На фоне продолжения российской агрессии против Украины и усиления внутриполитических репрессий в самой России неминуемы вопросы о том, что будет со страной после войны. Сможет ли Россия избавиться от имперских комплексов и ресентимента, перестать шантажировать мир ядерным оружием, покаяться за совершенные во время войны преступления и стать государством безопасным – как для соседей, так и для собственных граждан? Ответы на эти вопросы мы вместе с экспертами ищем в нашем спецпроекте "После империи".
Доктор исторических наук из Нижнего Новгорода Андрей Макарычев уже 10 лет, с 2013 года, работает профессором региональных политических исследований Тартуского университета (Эстония). Он читает несколько курсов, касающихся текущих взаимоотношений Европы и России, а также специализируется на теме российской регионалистики, которая для европейских исследователей пока еще не слишком известна.
После поражения кремлевской агрессии против Украины эта тема, по мнению Андрея Макарычева, вновь обретет актуальность – подобно тому, как до 1991 года мировые "советологи" не слишком изучали специфику различных советских республик, но затем были вынуждены стремительно наверстывать упущенное. Мы поговорили с профессором о перспективах возможной деимпериализации России.

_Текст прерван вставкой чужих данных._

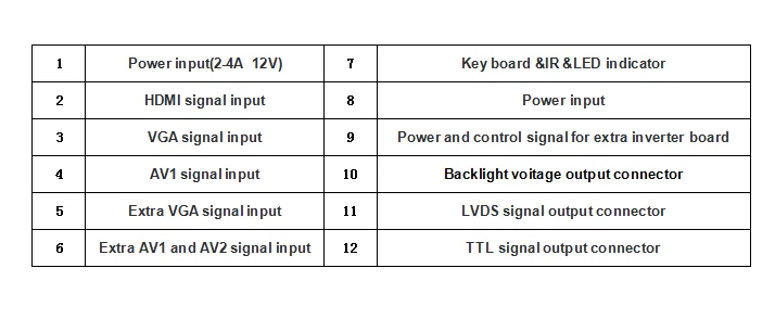 1 × HDMIVGA 2AVПлата аудио ЖК-контроллера

"Кремль старается разорвать любые социальные ткани"
– История часто показывала: когда какая-то империя нападает на другие страны, но не рассчитывает свои силы, это нередко заканчивается распадом ее самой. Может ли что-то подобное произойти с нынешней Россией?
– Я бы очень хотел, чтобы деимпериализация России, наконец, состоялась. Но все же как ученый я не могу позволить себе принимать желаемое за действительное. Пока этот вопрос выглядит открытым. Кроме того, даже если военное поражение России состоится, оно может принять довольно разные формы, и в том числе такие, которые не разрушат режим, но напротив, укрепят его. Он может стать еще более изолированным, а пропаганда выдаст отступление за победу или какой-то "жест доброй воли", как уже бывало. И будет объяснять, что "мы воюем не с Украиной, а со всем Западом", поэтому антизападная риторика только усилится.

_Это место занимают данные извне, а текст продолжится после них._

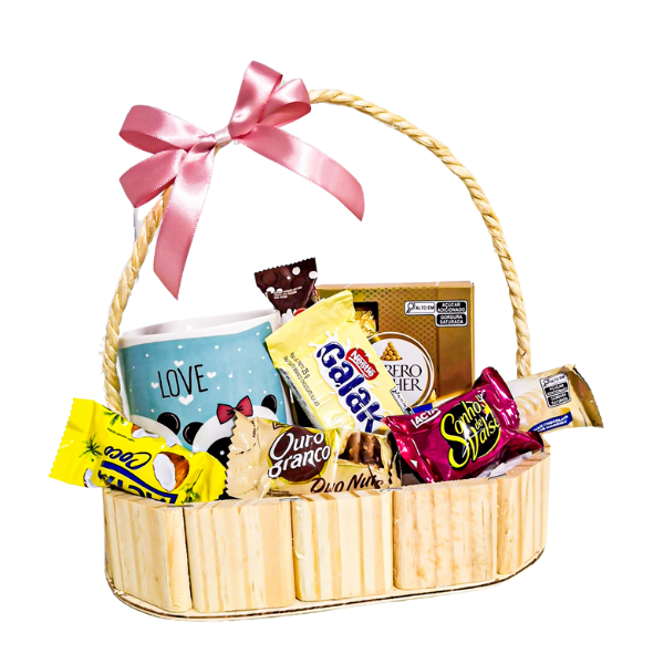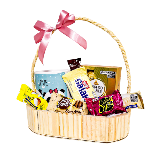Querendo surpreender alguém especial? Nossa Cesta de Chocolates + Caneca Love é o presente que fala por você! Um mimo recheado de delicias e muito carinho que vão transformar o dia dessa pessoa tão querida.

Разумеется, деимпериализация и деколонизация России рано или поздно состоится, но на данный момент я пока не вижу готовности элит и общества к этому процессу, особенно в подавляющем большинстве регионов. Если мы посмотрим на региональные точки активности за последние 5 лет – а тут можно вспомнить и Хабаровск, и Шиес, и выступления в различных национальных республиках в защиту своих языков, и конечно, антивоенные протесты последнего года в десятках городов, – то это в целом всё же пока не дает того синергетического эффекта, который позволил бы говорить о начале какого-то "отстраивания" от империи. Участники многих региональных протестов все-таки еще продолжают обращаться к кремлевской власти как к верховному арбитру, но не выступать против нее как таковой.
– Но в период пандемии наблюдался неожиданный всплеск регионалистских настроений. Москва ведь тогда, хотя вроде бы дала больше полномочий губернаторам, но не оказала регионам никакой существенной медицинской и финансовой поддержки. Все должны были выкручиваться, исходя из собственных, зачастую скудных ресурсов.
– Да, я помню эти настроения. Москва даже воспринималась как главный источник заражения вирусом. Это, конечно, были во многом иррациональные страхи, но тем не менее определенное рациональное зерно в них присутствовало: поскольку Россия устроена гиперцентрализованно, то и вирус в нее завезли именно через столицу. И это накладывалось на известную неприязнь жителей многих регионов к Москве, которая забирает у них ресурсы и налоги.
Однако все же эти настроения пока не дорастают до деколониальных. Мы не можем заметить становления каких-то региональных контрэлит, которые хотя бы намекали на иную политическую повестку, альтернативную той, которая навязывается властью. Понятно, конечно, что при таком размахе репрессий, когда за антивоенные высказывания дают безумные сроки, люди очень осторожны.
– Но мы помним, что в феврале 1917 года деимпериализация случилась совершенно спонтанно, внезапно и стремительно. Еще вчера люди поддерживали царя и войну, а на следующий день вышли с лозунгами "Долой самодержавие!". И в Финляндии, в Эстонии, во множестве других регионов сразу появились лозунги если не за независимость, то за автономию. Вы не предполагаете, что нечто подобное может повториться?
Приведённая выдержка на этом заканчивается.